Why is sanitation work reserved for non-Muslim minorities in Pakistan?

By | January 5, 2020



Although discrimination against sanitary workers has already been highlighted, it is multi-faceted beyond the appropriation of sanitary work for non-Muslims in public service bodies. There is growing evidence around, and resentment against the deep-rooted institutional discrimination which manifests itself across a broad range of excess workload, exposure to occupational health hazards, safety risks and fatalities of sanitary workers.

According to a study titled Management of Municipal solid waste generation in Pakistan, 2015, there are 1 to 1.5 sanitary workers per 1,000 population in major towns. However, experts are of the opinion that the effective ratio of sanitary workers to population is far worse. Karachi city, with a population of 20 million is covered by 11,000 solid waste workers. Caste Consciousness in Pakistan – a research conducted by Sara Singha — shows that the Lahore Waste Management Company (LWMC) employed 7,894 sweepers in 2015 — a majority of them Christians. The same study cites the Capital Development Authority (CDA) employing 1,500 sweepers for Islamabad – all of them Christians. Based on the population of these areas, it is easy to conclude that a sanitary worker serves at least 2,000 citizens.

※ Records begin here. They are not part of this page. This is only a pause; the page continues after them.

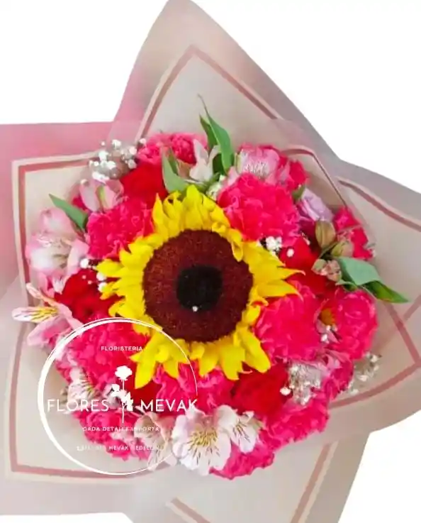 Hermosos bouquet de flores variadas entre claveles rosas girasol y follajes que hacen una combinación perfecta para alegrarle el día a esa persona especial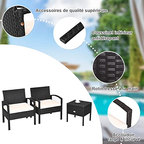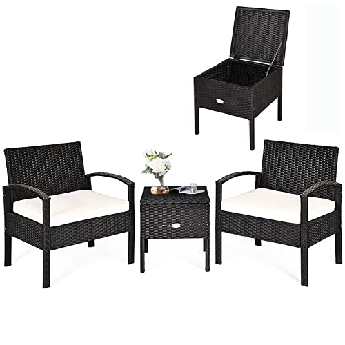 COSTWAY Ensemble de Meubles 3 Pcs de Patio en Rotin Charge 160KG, Salon de Jardin 2 Fauteuils Table Basse Rangement Caché avec Coussins Lavables Accoudoirs pour Jardin Balcon (Beige)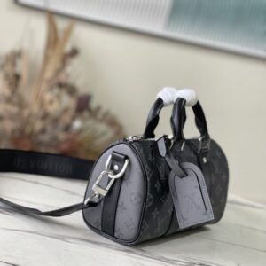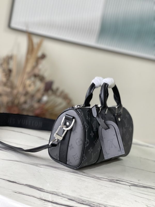 Black flower This Keepall 25 handbag is made of Monogram Eclipse Reverse canvas, showing an elegant reinterpretation of classic patterns. Reinforced straps and a leather nameplate continue the Keepall collection’s signature elements, while a zip closure keeps personal belongings secure.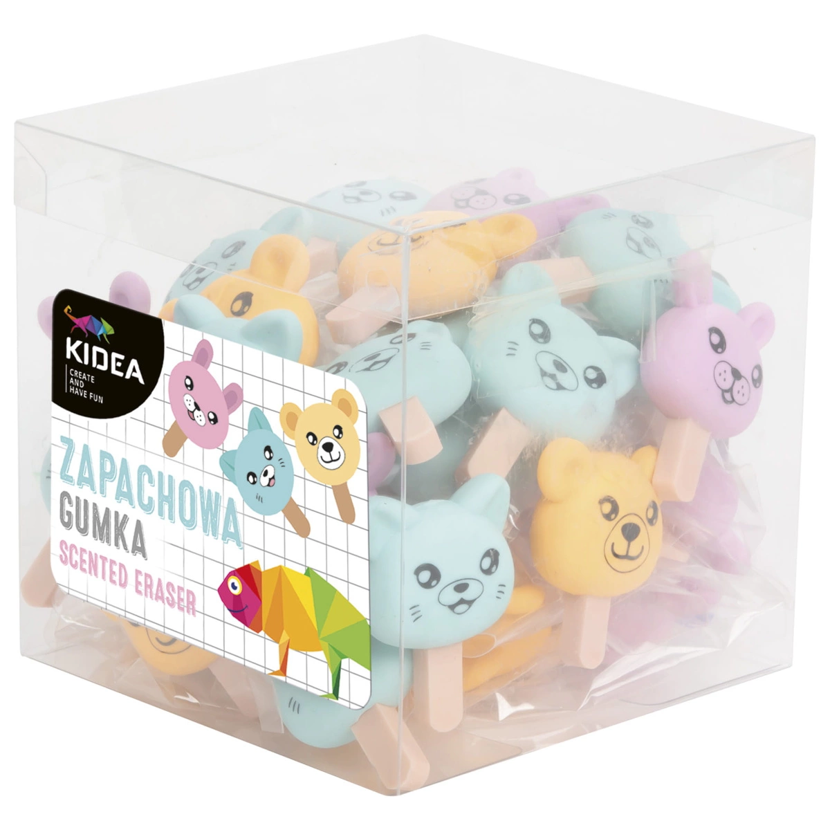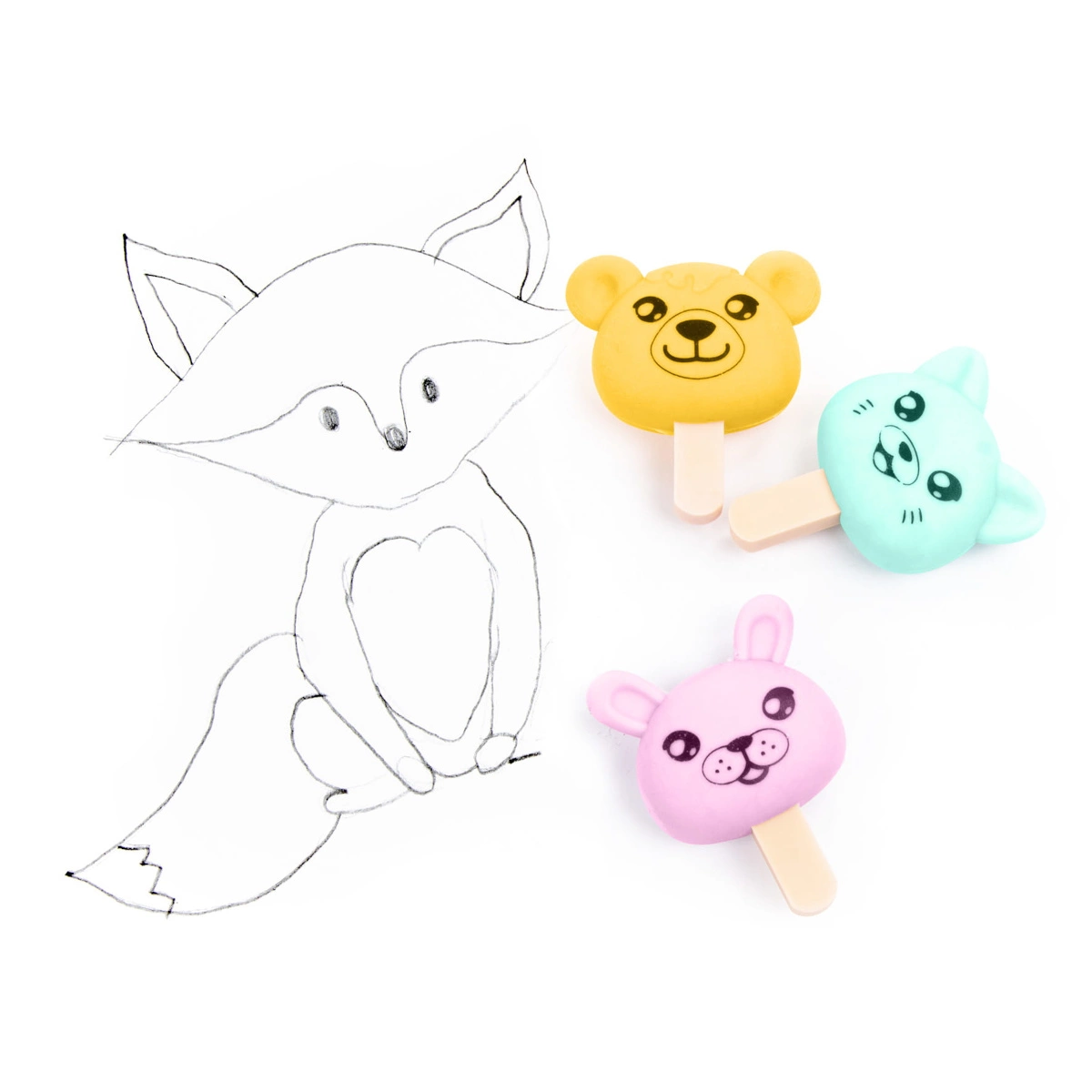 - Gumki do mazania w kształcie zwierzaków: kotka, króliczka oraz misia i słodkim zapachu wanilii, karmelu i truskawki.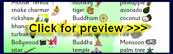 A printable word mat featuring words and pictures linked to India.

It is pertinent to note that the discrimination faced by non-Muslim sanitary workers in the sector, is not only through the regulation of their work or accompanying social stigmatisation. Rather, several bad practices including political appointments, poor urban planning, departmental corruption and non-implementation of labour laws; come together to reinforce the marginalisation of non-Muslim participation in the sanitary sector.

These workers are employed by municipal bodies, Water and Sewerage Boards and Public Health Engineering Department. These are all public service bodies, providing service delivery on cleanliness and maintenance of public infrastructure. Owing to a variety of reasons, these organisations have, over the years, sought to engage sanitary workers through contracts, renewed every 11 months to avoid any obligation to regularise their services. In other cases, private commercial contractors supply sanitary workers and deduct commission from their wages, which are already below the minimum wage-rate.

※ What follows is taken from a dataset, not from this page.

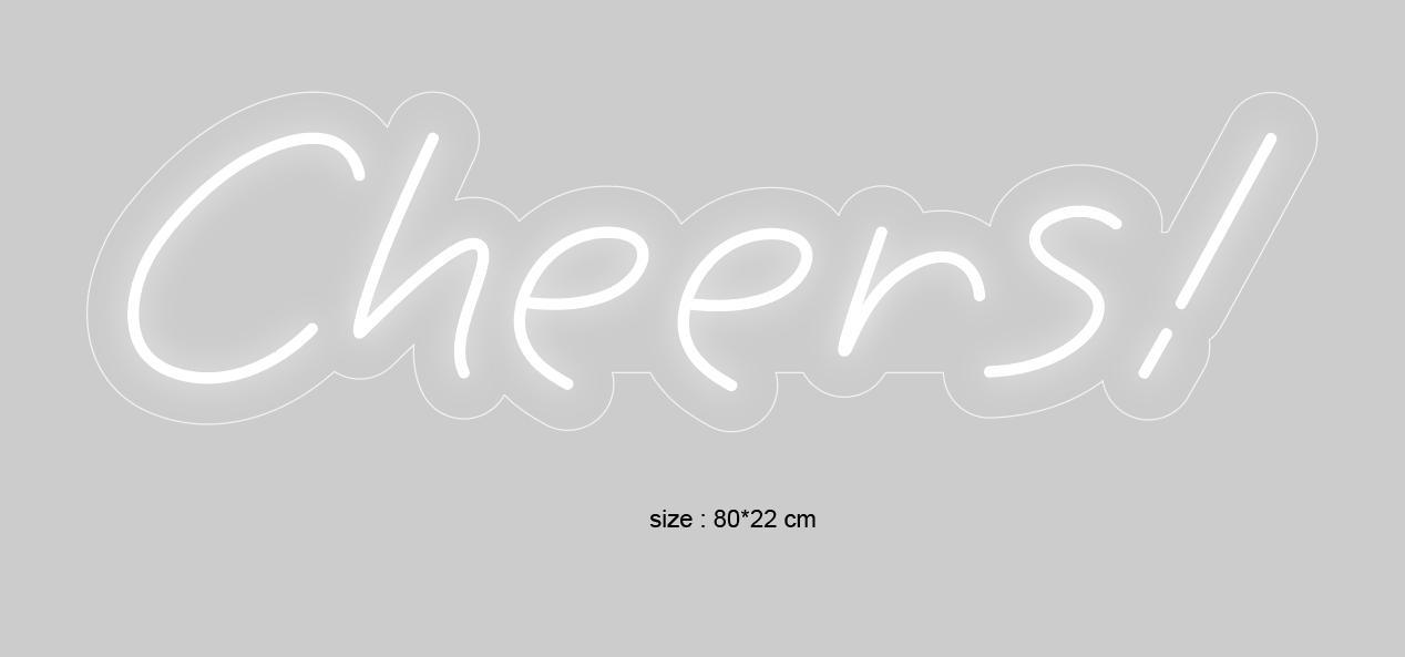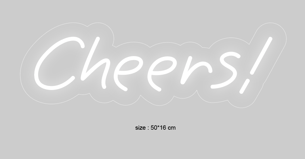 Skap en livlig og innbydende stemning med vårt 'cheers!' led neonskilt. Dette skiltet er perfekt for både bedrifter og hjemmekos, og tilbyr et spekter av fargevalg for å matche ethvert interiør. Med et enkelt og uttrykksfullt design, lyser det opp rommet og ønsker gjester velkommen med en varm atmosfære.
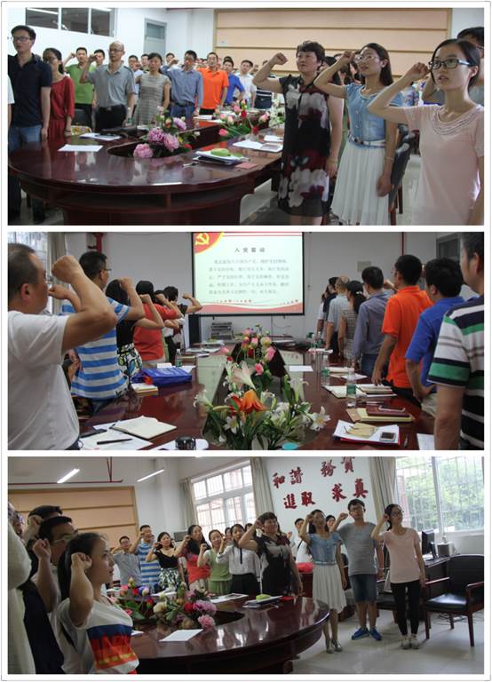 按照《中共贵州师范大学委员会关于开展纪念中共共产党成立95周年系列活动的通知》(校党发【2016】21号)文件精神,在学院党委的认真组织下,于6月24日在宝山校区学院会议室开展了新党员入党宣誓暨老党员重温入党誓词活动,学院党委书记杨文武领誓,全体教师党员和学生列队树立,面对党旗,庄严宣誓。

Over the last two years, there have been several protest demonstrations by non-Muslim workers in Sindh and the Punjab, alongside expressions of discontent at public forums about the culture of political appointments. A regular employee is entitled to BPS-1. A contractual employee receives Rs 12,000-Rs 14,000 a month. Political appointments make use of both these systems; inducting constituents of political parties in municipal bodies. Though worker interviews showed that political appointments may include Christian workers, it is mostly Muslims who receive such favours. Once appointed, most of the Muslim workers refuse to work arguing that, dust and dirt interferes with their prayers. This forces the concerned department to move them elsewhere. Eventually, they end up working as gardeners, drivers or errands persons at the houses of local officials, while continuing to draw a salary from the municipality.

The reason ghost workers elicit resentment from ‘working’ employees in the municipal sanitary sector is because working employees have to do, they were supposed to do cover greater areas for cleaning, put in more hours and most importantly – clear extra blocked manholes. “On average, I clean 20 sewerage drains a month, because of shortage of staff in Hyderabad. If the Muslim ghost workers show up for work, I would still be doing the same work, but it could come down to two manholes a month,” says Yusuf Gill employed with the Water and Sanitation Agency (WASA) for 35 years.

The national narrative of Pakistan as a Muslim majority country, categorises non-Muslims as ‘minority’ Pakistanis’. “We noted this in our training sessions with sanitary workers,” says Shireen Aslam, a social mobiliser and member of District Human Rights Committee. “Muslim workers would categorically say: “hum Pakistani hain, yeh gutter saaf karna humara kaam nahi. Yeh log ghair mulki hain, inn ka kaam hai.” (We are Pakistanis, it is not our job to clean sewers. Non-Muslims are non-locals. It is their job).

“On average, I clean 20 sewerage drains a month, because of shortage of staff in Hyderabad. If the Muslim ghost workers show up for work, I would still be doing the same work, but it could come down to two manholes a month” – Yusuf Gill, WASA employee.

Another inevitable outcome which reinforces the inherent discrimination is corruption in urban planning.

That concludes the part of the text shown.